При всех проявлениях общечеловеческой, житейской потребности в одежде, тепле, сне, отдыхе, при всех нуждах немощной плоти рушится то, что разъединяет людей, стираются искусственные грани, разделяющие человечество на праведных и неправедных, достойных и недостойных, остается только извечно страждущий зверь, земная тварь, томимая голодом, жаждой, усталостью, так же, как ты, как и все на свете.

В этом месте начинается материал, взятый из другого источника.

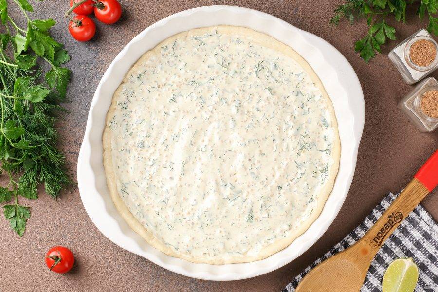 Я буду готовить две пиццы диаметром 27 см. Тесто разделите и тонко раскатайте на присыпанной мукой поверхности. Перенесите в смазанную маслом форму, руками сформируйте бортики и наколите тесто вилкой, чтобы оно в процессе не вздулось. Смажьте горчичным соусом.

Я следил за ним как завороженный, а он осторожными, маленькими и все же жадными глотками пил густое молоко, а потом подобрал еще и все крошки; и в то же время мне было стыдно, что я так смотрю, стыдно, что вот уже два часа из праздного любопытства, как за скаковой лошадью, слежу за ним, за этим несчастным, загнанным человеком, идущим своим нехорошим путем, и даже не пытаюсь удержать его или помочь. Меня охватило непреодолимое желание подойти, заговорить с ним, что-то ему предложить. Но как? Что я ему скажу? Я подбирал, я мучительно искал нужные слова, какой-нибудь предлог и не находил. Ничего не поделаешь, такие уж мы! Деликатны до малодушия там, где надо действовать решительно, смелы в своих намерениях и все же боимся прорвать тонкий слой воздуха, отделяющий от нас человека, даже если знаем, что он в беде. Нет ничего труднее, всякий это знает, чем помочь человеку, если он не просит о помощи, ибо, пока он не просит, он еще сохраняет последнее, что у него есть: гордость, которую страшно оскорбить своей навязчивостью. Только нищие облегчают нам задачу, и мы должны быть им благодарны за то, что они не закрывают доступ к себе. Этот же человек принадлежал к тем упрямцам, которые предпочитают рисковать своей свободой, но не просить, красть, но не протягивать руку. А вдруг его смертельно испугает, если я под тем или другим предлогом, возможно,'недостаточно ловко заговорю с ним? А потом, он сидел такой бесконечно усталый, что потревожить его было бы просто жестоко.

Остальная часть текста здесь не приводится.